Usually, this kind of behavior is small-scale enough that it's not a major enforcement priority; the SEC catches people doing this all the time, but there are a lot of them. However, in this case, it's a small-time grift that at least temporarily wiped out $17bn in market cap. So going after this is a bit like arresting people who steal copper pipes or catalytic converters: less about the proceeds they get and more about the negative externalities they impose on everyone else.
The Text Glut
Wikipedia is banning AI-generated content, and the number of apps submitted to the app store is up 55% YoY, adding delays to app approval. There turn out to be many cases where the cost of producing a given amount of text or code was effectively a tax or fine on doing so for spurious reasons. When the cost of creating a sequence of tokens declines, we get more tokens, but we also end up seeing other bottlenecks, like human approval, get more important.

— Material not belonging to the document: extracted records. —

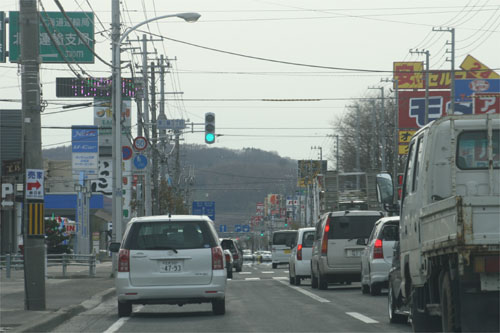 午後3時過ぎ、国道39号、三輪の西5号線交差点から三輪歩道橋方向
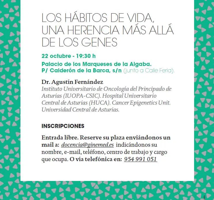 ¿Sabías que el estilo de vida que llevó tu abuelo podría afectar a tu fertilidad? En esta nueva conferencia de I+D+i el Dr. Agustín Fernández, Instituto Universitario de Oncología del Principado de Asturias (IUOPA-CSIC). Hospital Universitario Central de Asturias (HUCA), hablará precisamente de la importancia de los malos hábitos de vida en la salud de nuestros descendientes, una herencia nada deseable.
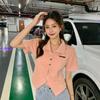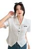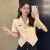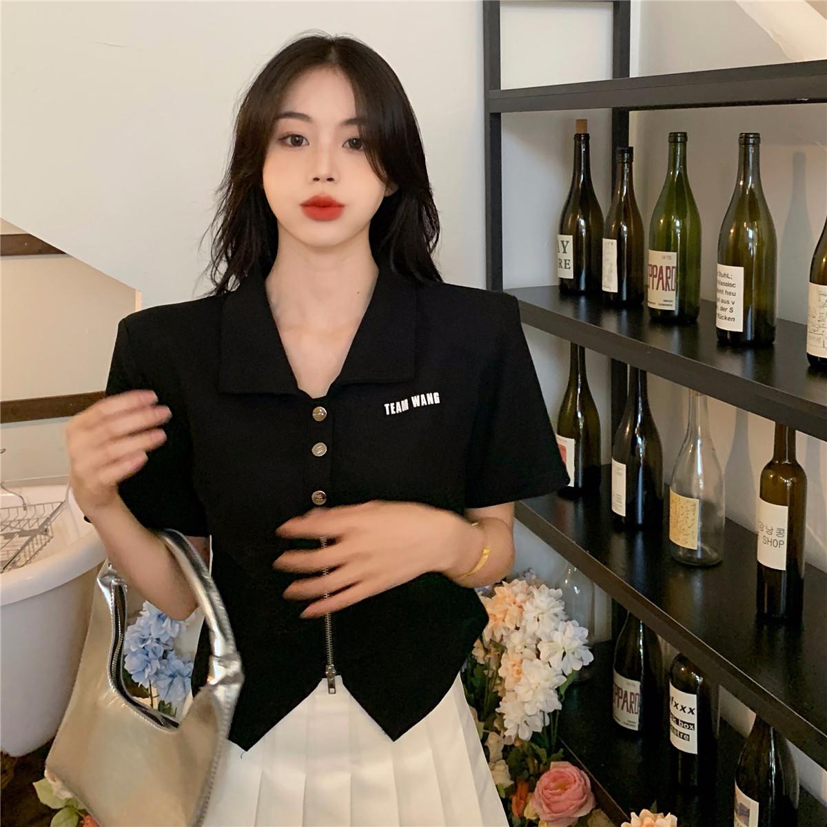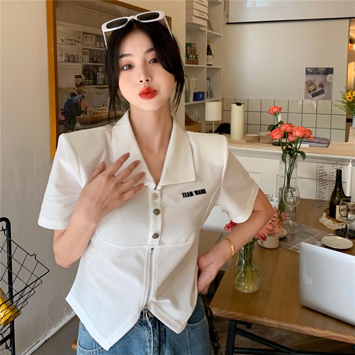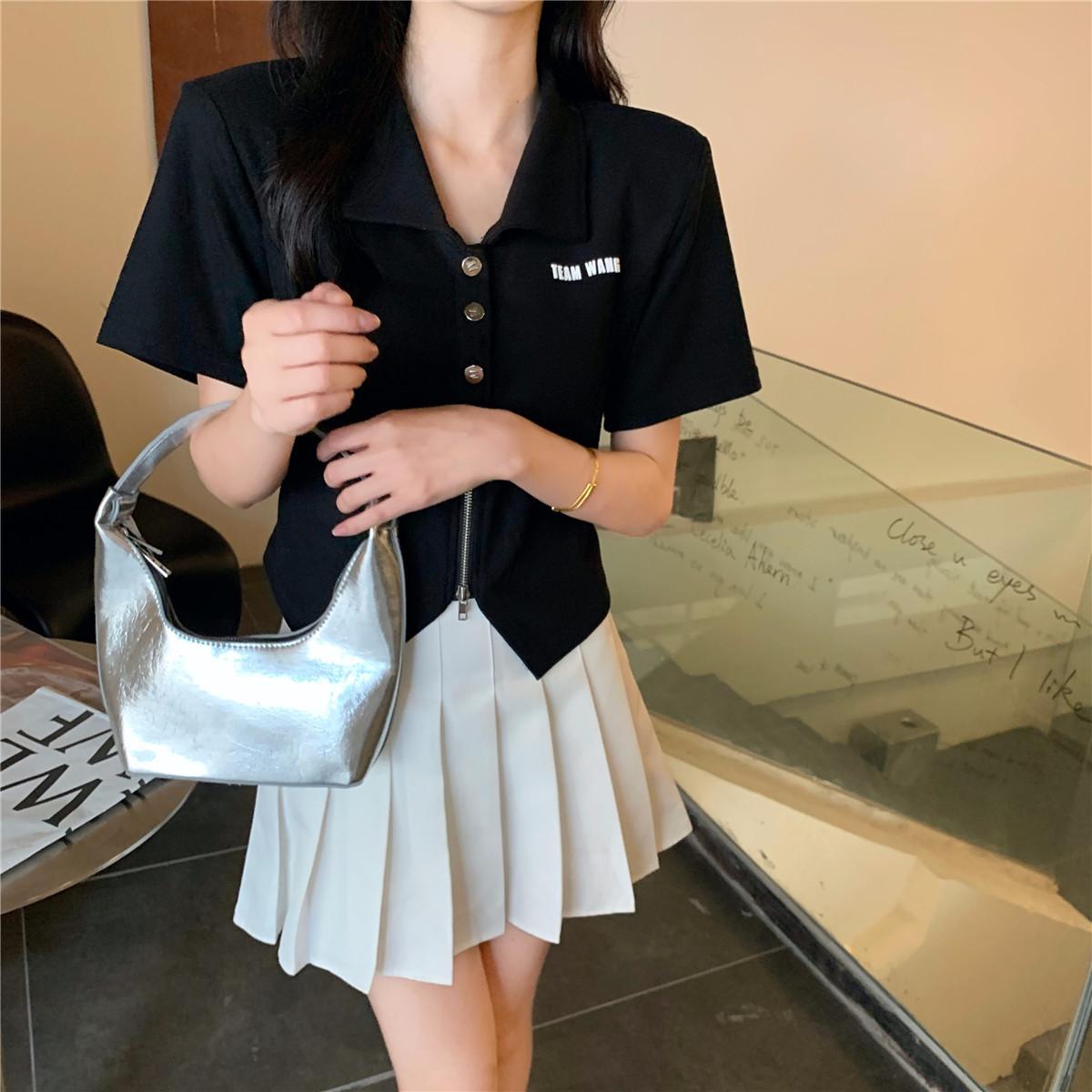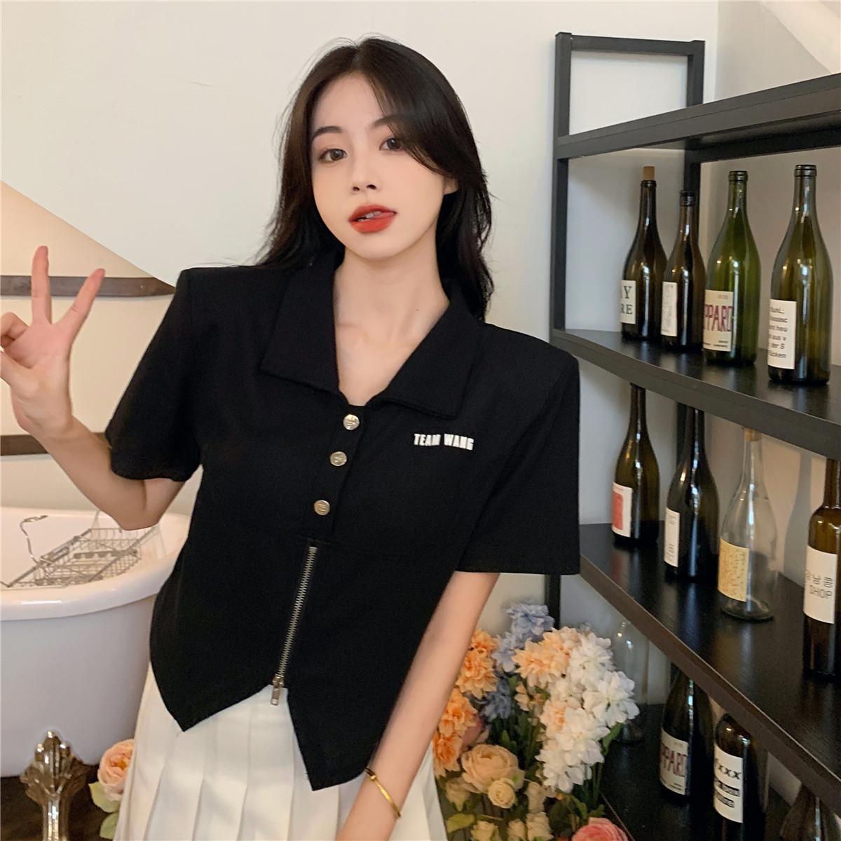 Camiseta de manga corta con cuello polo para mujer, diseño de nicho, irregular, de verano, holgada y adelgazante.
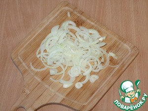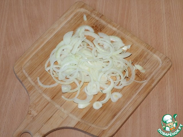 8. Пассеровать порезанный полукольцами лук до золотистого цвета.
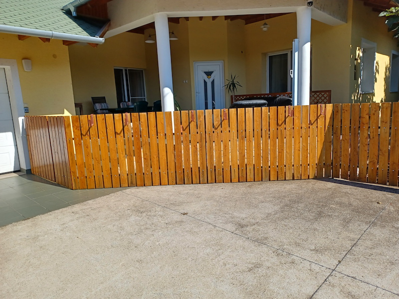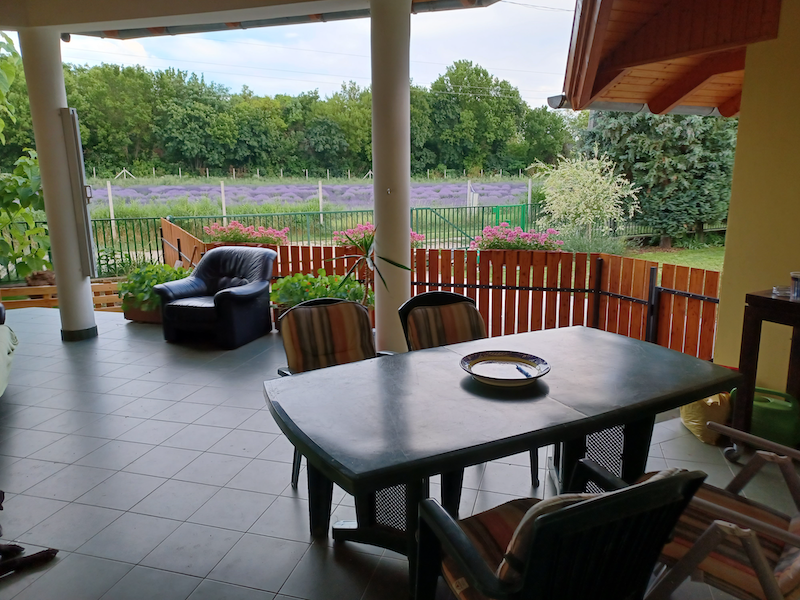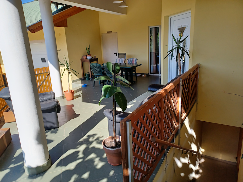 A telken egy hangulatos, fából készült fedett kiülő, mellé épített tároló, valamint egy új építésű biciklitároló található.
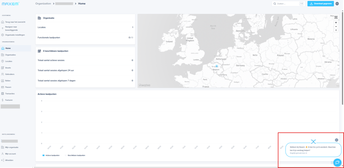 - Please try our chatbot Evi first. You can find it by logging in on the Maxem Energy Cloud: cloud.maxem.energy. The chatbot is in the lower right corner of the webpage. If the chatbot cannot solve the problem you can ask Evi you want to speak a support colleague and it will create a supportticket for you.
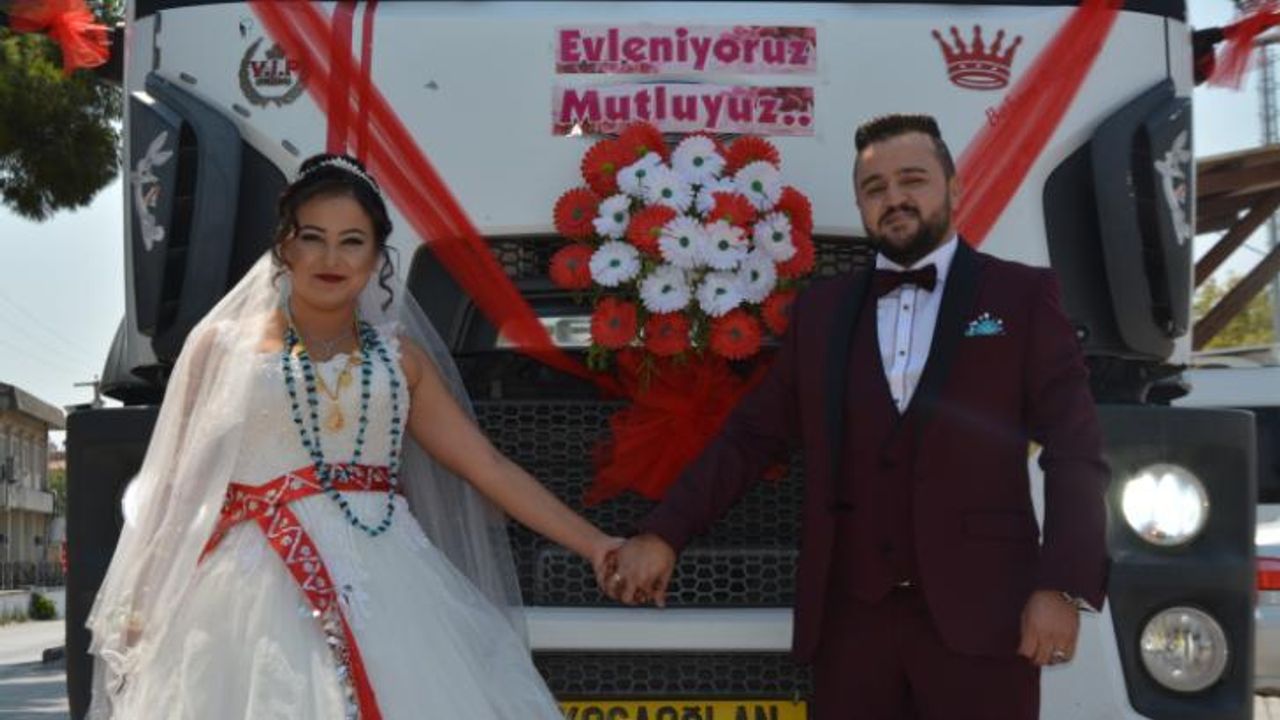 "Evleniyoruz, mutluyuz" yazısı asılan tırla şehir turu atan çifti çevredeki vatandaşlar alkışlarla karşıladı.

Wikipedia is probably more socially valuable if they forbid LLM content, because they'll provide cleaner training data (and, very conveniently, they link to sources, so we get training data on the specific question of how to readably summarize a complicated topic). And the other reason it's good for them to hold off on this is that an LLM-generated wiki article is superfluous when you can just generate the article you need by asking the chatbot of your choice. This is particularly helpful for hypothetical Wikipedia articles that take the intersection of a bunch of other articles—ChatGPT is great at answering history questions like "when and why did countries' leaders stop leading their troops in battle" or "What are some works of fiction about having writer's block, written by people who wrote that story in order to deal with writer's block?" The latent space of potentially useful Wikipedia articles that don't exist yet is vast, and the space of such articles that more than one person would want to read is sparse. So it's actually quite useful to keep the generative AI part separate from the human-vetted one, at least for now. For the app store, model collapse is less of a concern because apps get feedback from usage and revenue, so it's safer for Apple to find ways to speed up the approval process—perhaps taking advantage of some newfangled ways to review code at scale—and let the AI-created app influx continue.
Sora
The WSJ has an obituary for OpenAI's now-deprecated generative video product, Sora ($, WSJ). It was briefly popular, never quite reached escape velocity, and was costing them $1m/day worth of scarce GPU capacity.
One way to understand what went wrong is to compare Sora to TikTok, where the consumption experience is similar—not just because it's a sequence of random short videos, but also because the social graph is less important than recommendations based on user preferences. TikTok spent vast sums on user acquisition before it got to the point that many users were sticking around and making new videos, and they had to burn a lot of cash to get to critical mass. Sora had the same problem, with two twists: first, following the same strategy would cost them even more money because they'd pay to acquire users who were also expensive to serve. And second, there are already several scaled short-form video apps, where the most viral Sora content could be reposted to get more views. So to scale Sora, OpenAI would have to simultaneously subsidize its own users with inference and its own competitors with content, until it got the flywheel going. And even for a company that raises money in $10bn increments, that's more costly than it's worth.